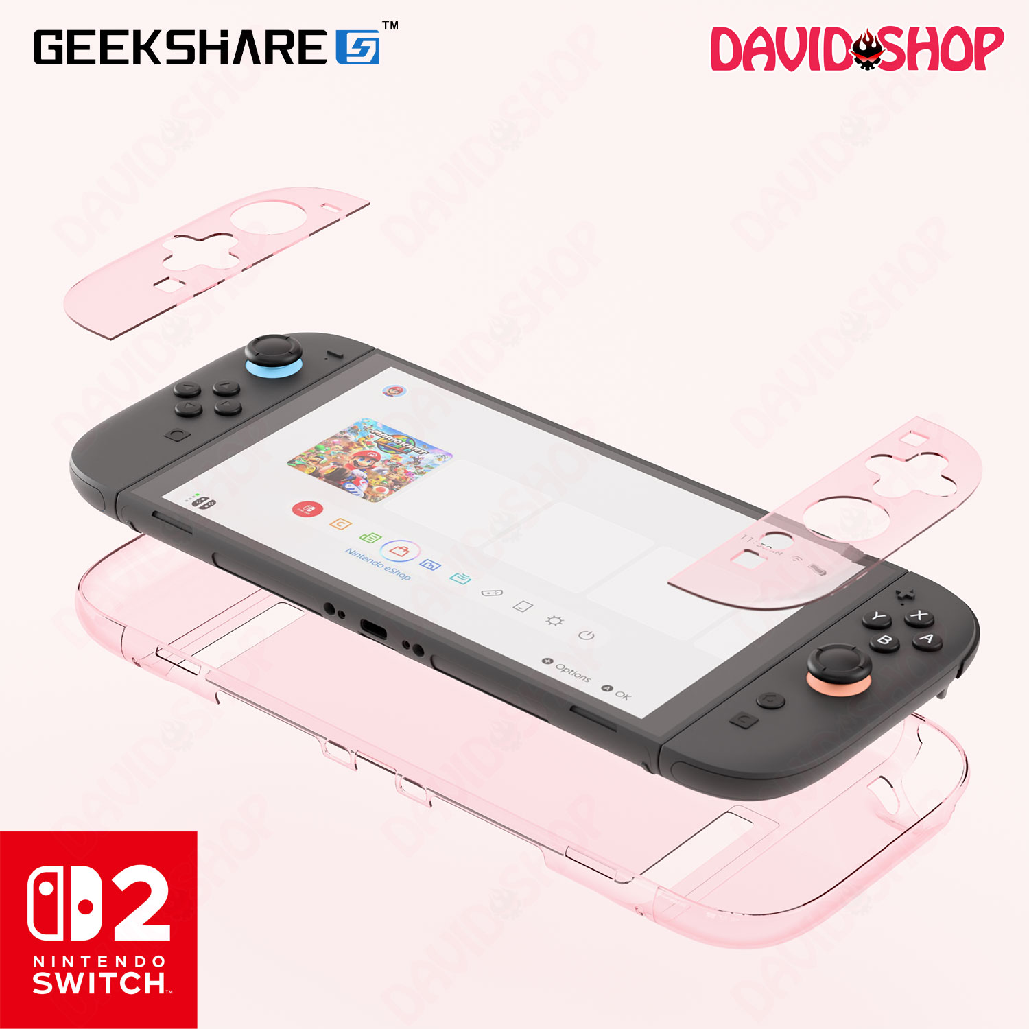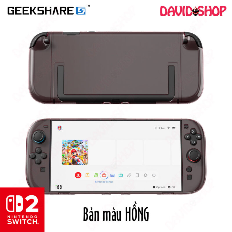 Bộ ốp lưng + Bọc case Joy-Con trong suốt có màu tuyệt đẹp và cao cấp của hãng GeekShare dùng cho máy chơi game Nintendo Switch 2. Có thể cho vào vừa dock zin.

...

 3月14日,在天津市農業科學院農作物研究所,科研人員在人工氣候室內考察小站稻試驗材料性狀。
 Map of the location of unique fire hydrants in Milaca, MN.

TASK REQUIREMENTS: Beginning at the line above with "3月14日,在天津市農業科學" and finishing at the line with "Map of the location", return each line exactly and return nothing else.

EXPECTED ANSWER:
 3月14日,在天津市農業科學院農作物研究所,科研人員在人工氣候室內考察小站稻試驗材料性狀。
 Map of the location of unique fire hydrants in Milaca, MN.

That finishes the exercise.